Monday, December 10, 2012

The Pleasures of Reading, Viewing, and Listening in 2012, pt 2: Gwyneth Jones

2012 Review 
by Gwyneth Jones 

Looking back, I managed to get out of the house for an unusual number of new movies this year, but I don’t know if that reflects a good year, or the fact that my son Gabriel, indefatigable movie-fan, was at home, and Brighton’s only Art&Indie house is at the bottom of our hill. The ones that stand out for me are Sean Durkin’s Marsha Marcy May Marlene, the short-on-answers account of how a young woman, already robbed of personhood for reasons only hinted at, gets recruited to a brutal little backwoods cult, and ends up (we glimpse, as the credits roll) bringing the horror back home to her own family; where maybe it began? This is so much a movie for reading between the lines, I felt at times that my own reading was a found object, but the artful, slow-building, bewildering wrongness is definitely really there. Fine performances from Elizabeth Olsen as the identity-stripped girl, and John Hawkes as the (somewhat generic!) Evil Psycho Patriarch.
Also Headhunters, a very black comedy adapted from a Jo Nesbo thriller, was so much fun. From my blog: “I feel many will agree that the passage involving the Vicious White Attack Dog, and the Venal Farmer's Horrible Old Tractor, had a special and glorious charm”. A guilty pleasure. A Royal Affair was unexpectedly engrossing, an intellectual and affecting costume drama about mad King Christian VII of Denmark, and the lovers (the king’s tutor and his wife) who used their power over him, and his affection for both of them, to transform the grim fate of all but the ruling class, in feudal/oligarchic Eighteenth Century Denmark. Of course it can’t last, and of course there is hell to pay, but what a story. The arrogant carelessness of the young Utopian couple is heart-breaking, the coda rather wonderful. A true story? Well, maybe. To a surprising extent, maybe yes. Mikkel Boe Følsgaard was absolutely fantastic, and touching, as the mad king.

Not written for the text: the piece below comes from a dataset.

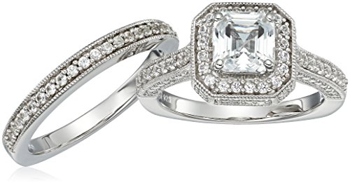 -. Title : Sterling Silver 2 Stone Lab Created White Sapphire and Matching Band Ring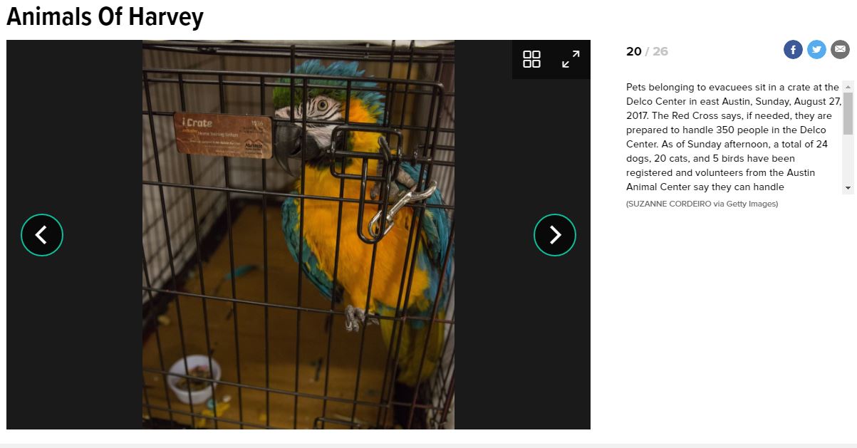 Think I think I found the B&G I was worried about at the Delco Center in East Austin (slide #20). I originally saw a few seconds of a man w/a B&G being loaded into a boat. Then a few day later a totally different evacuation piece had a split second of wings spreading, far behind a reporter's head that I just felt like was them. Sounds a little obsessive I guess, but I've been thinking about them ever since. Wish they'd found a more comfortable place to land. But real glad they're apparently safe & sound. http://www.huffingtonpost.com/entry/harvey-wild-animals_us_59a7102ee4b0a8d14572bd50?slideshow=true#gallery/59a7446ae4b010ca289a197a/0

Honorable Mention to Weekend: the simple story of two young men, picking each other up at a club in Nottingham and spending the weekend together while accidentally, truly, falling in love. Refreshingly, no fuss is made of the sex scenes, and they are frank as they would be for a heterosexual version, without any apology. Unusually, for the British Midlands Realist school of filmmaking, Weekend is not aggressive, distressing, miserable or violent, and nor is it sugar-coated. A gentle gem.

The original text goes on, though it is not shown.